WORK REQUEST: The word "that" may appear in lines of the data below. Say how many lines hold it, giving only the number.

--- --- ---

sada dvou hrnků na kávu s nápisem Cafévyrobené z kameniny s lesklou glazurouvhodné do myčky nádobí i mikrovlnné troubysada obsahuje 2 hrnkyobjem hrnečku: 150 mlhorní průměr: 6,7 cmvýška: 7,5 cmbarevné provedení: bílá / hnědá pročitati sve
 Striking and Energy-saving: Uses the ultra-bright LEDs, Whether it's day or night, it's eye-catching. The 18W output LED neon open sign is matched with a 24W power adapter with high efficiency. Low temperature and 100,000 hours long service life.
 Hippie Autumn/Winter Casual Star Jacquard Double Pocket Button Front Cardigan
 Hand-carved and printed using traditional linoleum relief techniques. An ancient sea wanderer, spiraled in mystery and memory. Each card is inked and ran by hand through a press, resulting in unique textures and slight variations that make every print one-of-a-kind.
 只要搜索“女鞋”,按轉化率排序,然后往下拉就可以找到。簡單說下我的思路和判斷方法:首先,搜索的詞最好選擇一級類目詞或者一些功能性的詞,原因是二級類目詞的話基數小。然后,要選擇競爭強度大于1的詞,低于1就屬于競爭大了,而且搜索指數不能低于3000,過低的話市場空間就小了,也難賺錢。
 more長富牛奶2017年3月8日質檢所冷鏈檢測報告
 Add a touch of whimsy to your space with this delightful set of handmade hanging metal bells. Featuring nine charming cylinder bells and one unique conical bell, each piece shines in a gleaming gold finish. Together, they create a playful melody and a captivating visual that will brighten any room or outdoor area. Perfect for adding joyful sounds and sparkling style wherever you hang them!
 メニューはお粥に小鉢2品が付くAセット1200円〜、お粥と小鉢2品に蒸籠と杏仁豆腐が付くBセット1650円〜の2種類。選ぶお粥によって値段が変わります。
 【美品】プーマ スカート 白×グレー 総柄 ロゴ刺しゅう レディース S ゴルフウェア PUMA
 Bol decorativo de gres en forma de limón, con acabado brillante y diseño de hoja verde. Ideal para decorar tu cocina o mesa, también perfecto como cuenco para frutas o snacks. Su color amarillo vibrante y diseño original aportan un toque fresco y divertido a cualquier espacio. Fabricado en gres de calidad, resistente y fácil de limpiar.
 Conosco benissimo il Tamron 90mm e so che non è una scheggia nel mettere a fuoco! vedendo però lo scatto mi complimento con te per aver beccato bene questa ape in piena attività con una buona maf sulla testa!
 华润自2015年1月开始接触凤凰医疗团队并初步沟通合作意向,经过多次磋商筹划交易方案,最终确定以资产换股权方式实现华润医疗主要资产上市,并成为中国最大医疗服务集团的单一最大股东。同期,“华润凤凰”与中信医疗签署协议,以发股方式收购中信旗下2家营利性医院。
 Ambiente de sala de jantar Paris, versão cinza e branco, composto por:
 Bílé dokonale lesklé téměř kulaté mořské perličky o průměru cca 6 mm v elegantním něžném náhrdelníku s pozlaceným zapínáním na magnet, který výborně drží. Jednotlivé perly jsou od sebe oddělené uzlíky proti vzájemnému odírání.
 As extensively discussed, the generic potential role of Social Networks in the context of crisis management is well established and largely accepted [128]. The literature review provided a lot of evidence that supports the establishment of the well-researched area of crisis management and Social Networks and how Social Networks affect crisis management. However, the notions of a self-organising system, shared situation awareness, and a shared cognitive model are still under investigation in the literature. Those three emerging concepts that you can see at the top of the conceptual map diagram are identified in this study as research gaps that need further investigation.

--- --- ---

ANSWER SPACE: 3